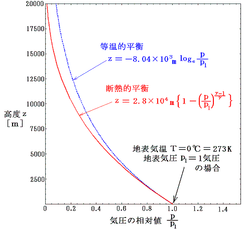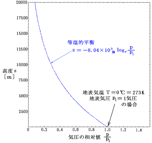 しかし、流れている状態で等温度の熱的平衡を達成するのは現実的ではないので、実際には静止した等温状態にある気体の圧力分布の議論などにしか使えない[3.(5)4.参照]。
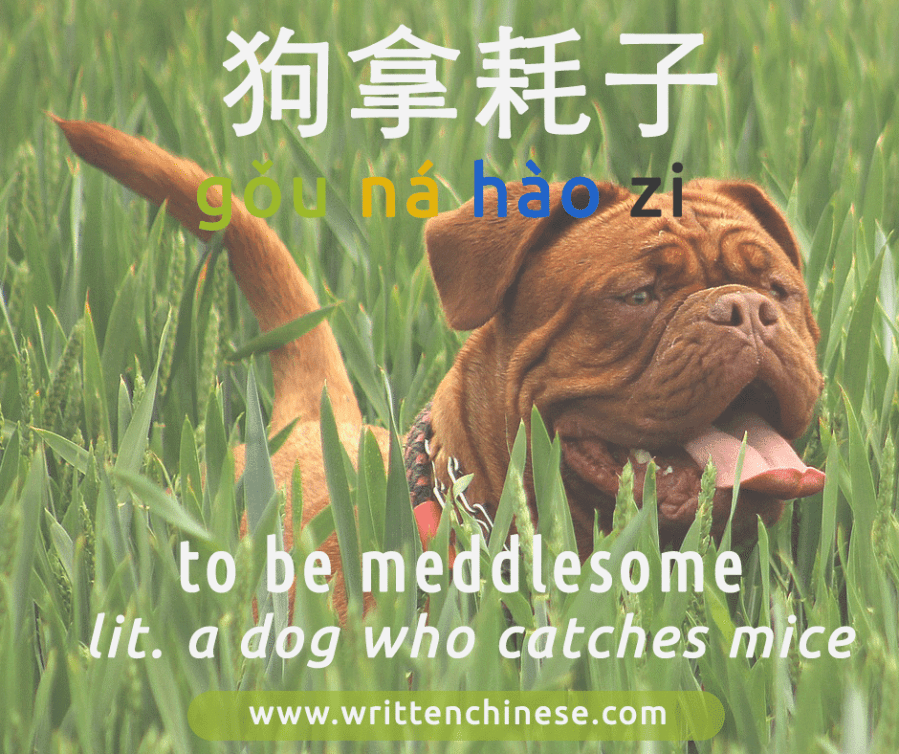 9. 狗拿耗子 (gǒu ná hào zi) – 多管闲事 (duō guǎn xián shì)
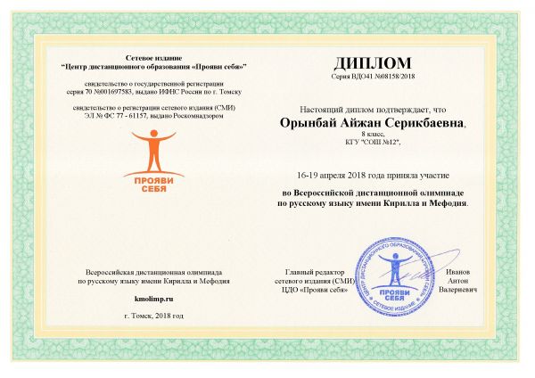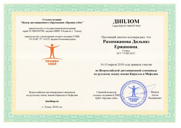 16-19 апреля 2018 года прошла Всероссийская дистанционная олимпиада по русскому языку имени Кирилла и Мефодия, в которой приняли участие и наши ученики, ставшие пока дипломантами, но, думаю, в сле…
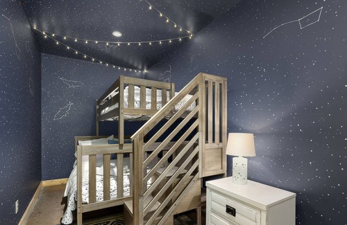At the end of the day, settle into one of our nine luxury beds. Choose from (1) Our first Master bedroom is complete with a King bed, closet, 36-inch Vizio Smart TV, a door leading to the patio and en suite bath. (2) Our second Master bedroom has a King bed, dresser, 50-inch Vizio Smart TV, a door leading to the patio and en suite bath. (3-4) Through a door in our second Master bedroom, you'll find our first set of Twin bunkbeds with a hand-painted mountain mural and string lights. (5) Our fourth bedroom is complete with a King bed, hanging rack, 50-inch Vizio Smart TV, a door leading to the patio and en suite bath. (6-7) Through a door in our fourth bedroom, you'll find our second set of Twin bunkbeds in our starry night-themed room. (8) In our loft, you'll find a Queen bed as well as a seating area, trunk for storage,35-inch Vizio Smart TV, desk area and retro game console. (9) Finally, in our Game Room, you'll find our queen-size pullout couch.

> **Problem**:
Leave the pictures out and please restate exactly the lines running from the start of the material through the one with "16-19 апреля 2018".

> **Solution to this exercise**:
 しかし、流れている状態で等温度の熱的平衡を達成するのは現実的ではないので、実際には静止した等温状態にある気体の圧力分布の議論などにしか使えない[3.(5)4.参照]。
 9. 狗拿耗子 (gǒu ná hào zi) – 多管闲事 (duō guǎn xián shì)
 16-19 апреля 2018 года прошла Всероссийская дистанционная олимпиада по русскому языку имени Кирилла и Мефодия, в которой приняли участие и наши ученики, ставшие пока дипломантами, но, думаю, в сле…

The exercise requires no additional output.